▸ **PROVIDED MATERIAL**

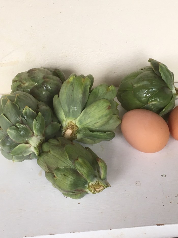 I picked the first artichokes this morning just after I collected two warm, brown eggs from the hen house.
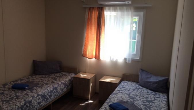 В каждом 2-3-4х местном номере (блочная система): кондиционер, холодильник, телевизор, на каждые два номера санузел (душ, умывальник, туалет). Все номера с отдельным входом, террасой, горячая и холодная вода постоянно
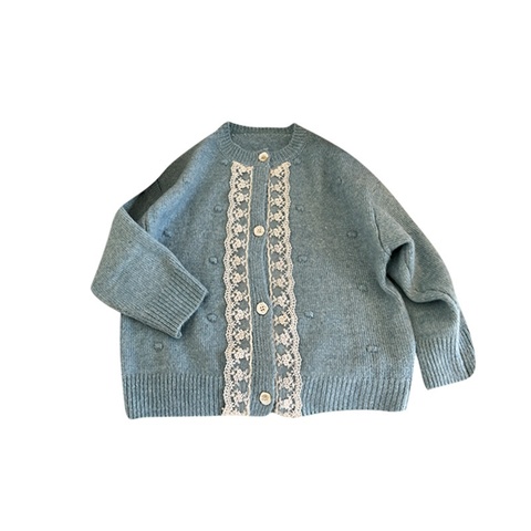 2025 Nieuwe Koreaanse Kanten Top Meisjes Casual Cardigan Sweater Met Ronde Hals Gebreid Babyjack Voor Lente En Herfst
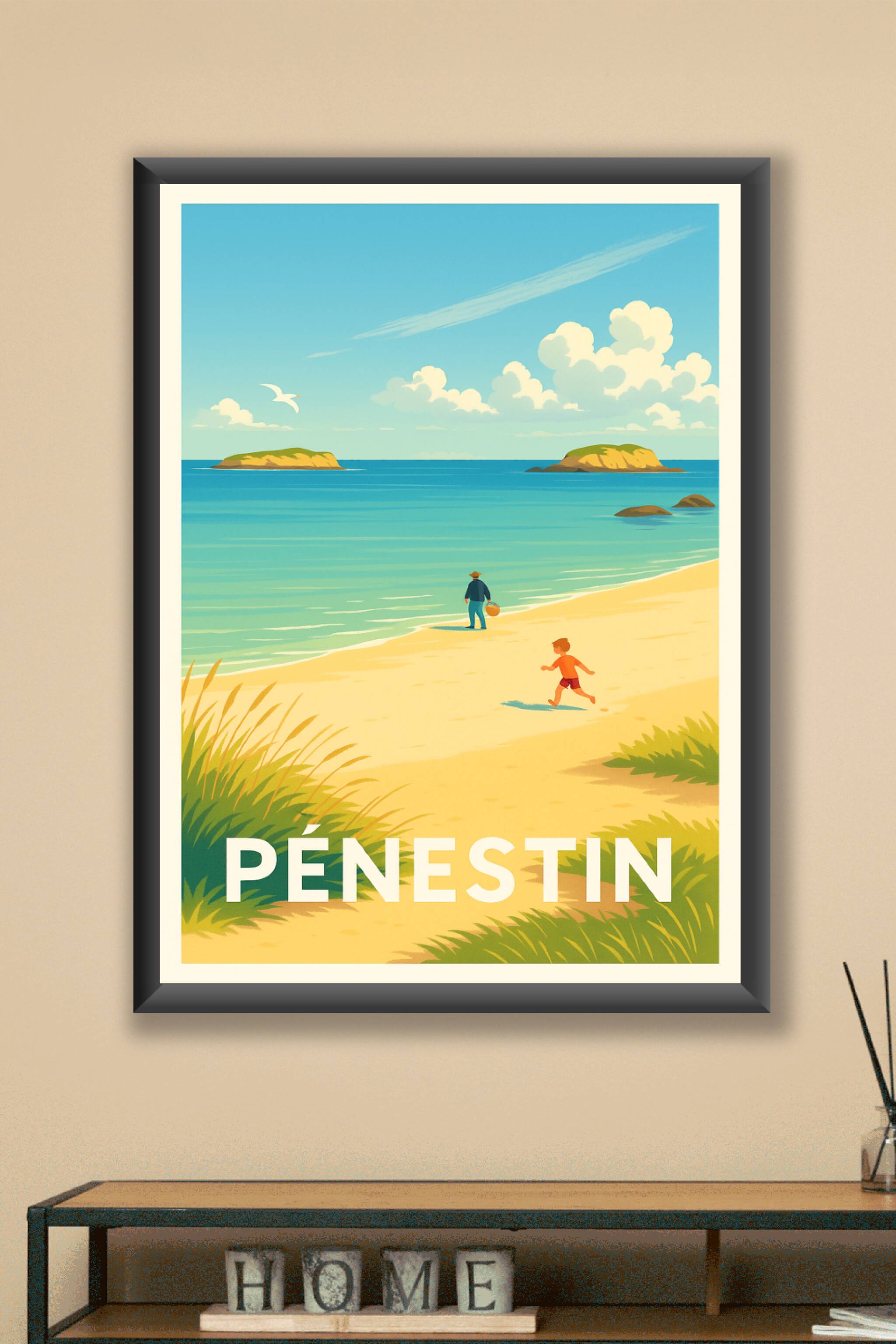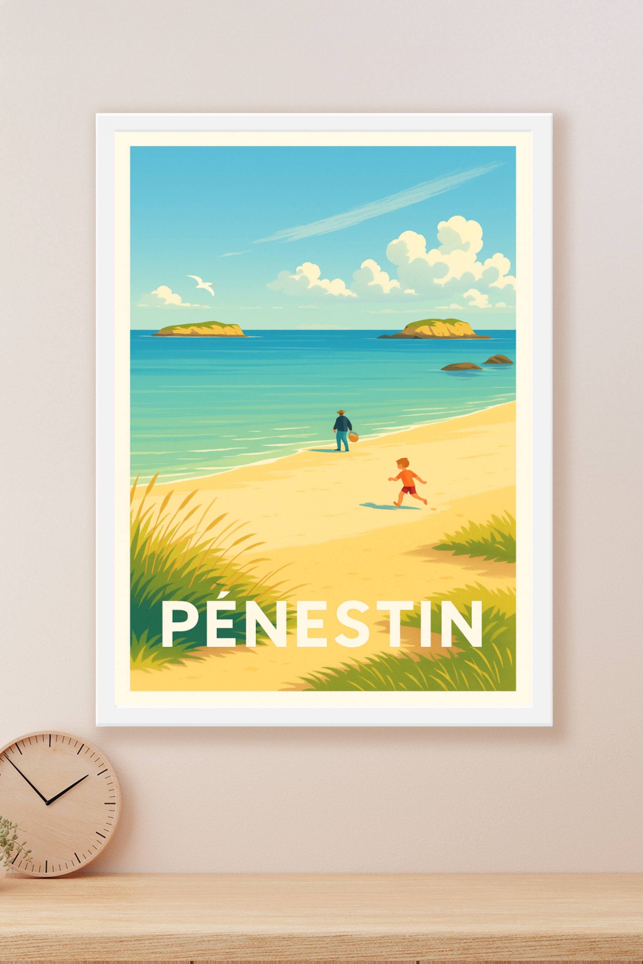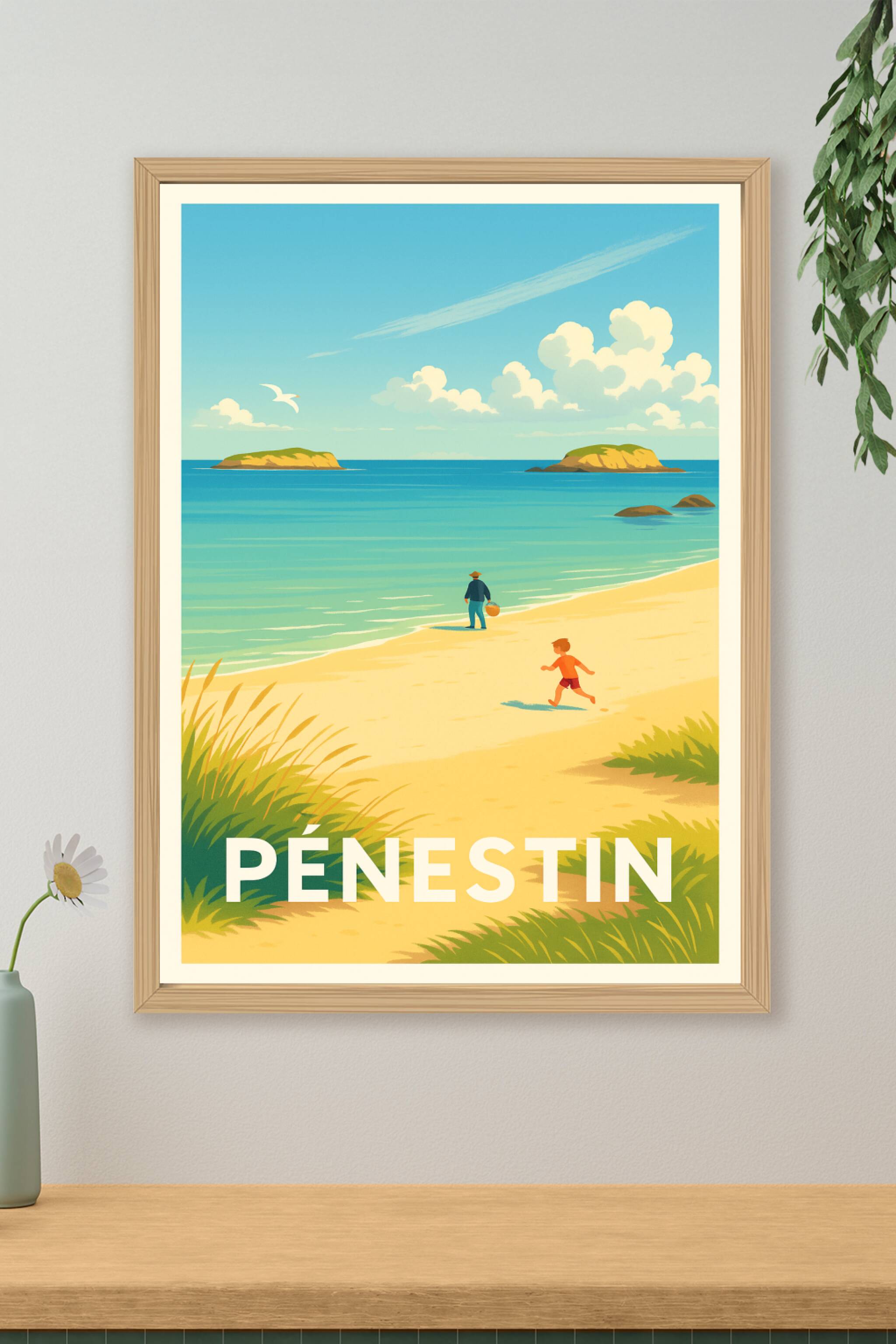 Découvrez la sérénité de la côte bretonne avec cette affiche illustrée qui capture l'ambiance paisible et ensoleillée d'une plage de Pénestin. Entr...

▸ **THE TASK**
Each line from the one that contains "2025 Nieuwe Koreaanse" to the end of the listing must be quoted exactly; no other line and no picture belongs in the copy.

▸ **TASK OUTPUT**
 2025 Nieuwe Koreaanse Kanten Top Meisjes Casual Cardigan Sweater Met Ronde Hals Gebreid Babyjack Voor Lente En Herfst
 Découvrez la sérénité de la côte bretonne avec cette affiche illustrée qui capture l'ambiance paisible et ensoleillée d'une plage de Pénestin. Entr...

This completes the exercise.